***** COLLECTED MATERIAL *****

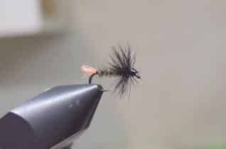 enrouler une dernière plume de marabout blanche, former la tête avec la soie de montage, couper et voila votre mouche est pratiquement terminée.
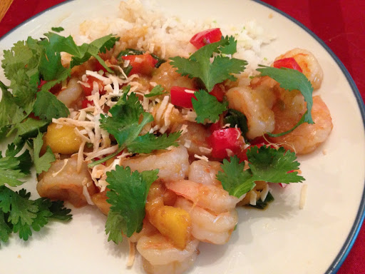3. Sauté onions and next 4 ingredients in remaining 1 Tbsp. hot oil over medium-high heat 1 minute. Stir in mango and next 3 ingredients, and cook 1 minute; stir in shrimp. Serve over hot cooked Coconut-Lime Rice; top with toasted coconut.
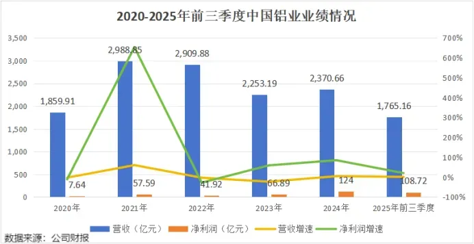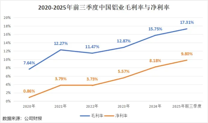 2020-2025年前三季度,中国铝业的毛利率由8.24%大幅提升至17.31%,净利率也从0.85%增至9.8%。

*****

▶ _WHAT TO DO_: Copy out the lines exactly as written, beginning with the one that contains "3. Sauté onions" and ending with the last line of the material; do not include pictures.

▶ _ANSWER_:
3. Sauté onions and next 4 ingredients in remaining 1 Tbsp. hot oil over medium-high heat 1 minute. Stir in mango and next 3 ingredients, and cook 1 minute; stir in shrimp. Serve over hot cooked Coconut-Lime Rice; top with toasted coconut.
 2020-2025年前三季度,中国铝业的毛利率由8.24%大幅提升至17.31%,净利率也从0.85%增至9.8%。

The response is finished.